Sunday, May 19, 2013

2 weeks of school - eh

I finished two research papers, now I need to finish two more and then I'll be free, kind of. I'm working on Anthropogy papers; Taoism and Religious (documentary).

 On Thursday, I went to my math teacher and told him that I worked really hard and I just forgot to put the slashes between my units. He looked my paper over and gave me a 90% 1/2. He said it looks like I know what I was doing and to be honest I did know what I was doing. So happy!

Friday, May 17, 2013

24!!! TWENTY FOUR!

OMIGOD! I'M TWENTY-FOUR! I'M 24!!! IT JUST HIT ME THIS MORNING I'M TWENTY FOUR!!! I'M SO OLD! 
SERIOUSLY, HOW DID I BECOME 24???!

Saturday, May 11, 2013

Taoism is a philosophy and???

  I'm working on my research paper for anthropology paper. Taoism is an eastern philosophy and....? Why can't I come with anything else?
Last night I wrote a 4 page paper on "networking components" for my computer science class. It was damn boring but I did an awesome job in record time. Today my mind is like  "hell no, no more papers!" I've read about seven books on Taoism:
David Smith's Chinese Religions From 100 BC to Present Day.
Isabelle Robinet' s Taoism: Growth of A Religion.
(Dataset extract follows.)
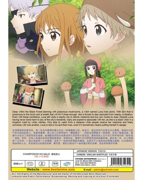 Deep within the Black Forest teeming with poisonous mushrooms, a witch named Luna lives alone. With skin that is poisonous to the touch and a breath that will kill if close enough, she is forced to stay secluded from nearby civilization. Even with these conditions, Luna still visits a nearby city to deliver medicine and buy new books to read. Despite Luna having never done harm to any of the city’s residents, many are scared to associate with her, as she is a black witch in a kingdom ruled by white witches. Only able to watch from a distance while people receive her medicine and freely converse with one another, Luna is drawn toward their lives, even if it sometimes means putting herself in danger.

Just to name a few, I read Chinese fairy tales, history text books, anthropology research paper and other things I could get my hands on. Maybe I should let my brain relax and finish assignments I can finish. Apparently, the movie Kung fu Panda had roots of Taoism in it. 


  My bro found me these cartoons, he is confident this will help me understand the Taoism world better.  He's stalling me because he's bored. Plus, its for school so no guilt.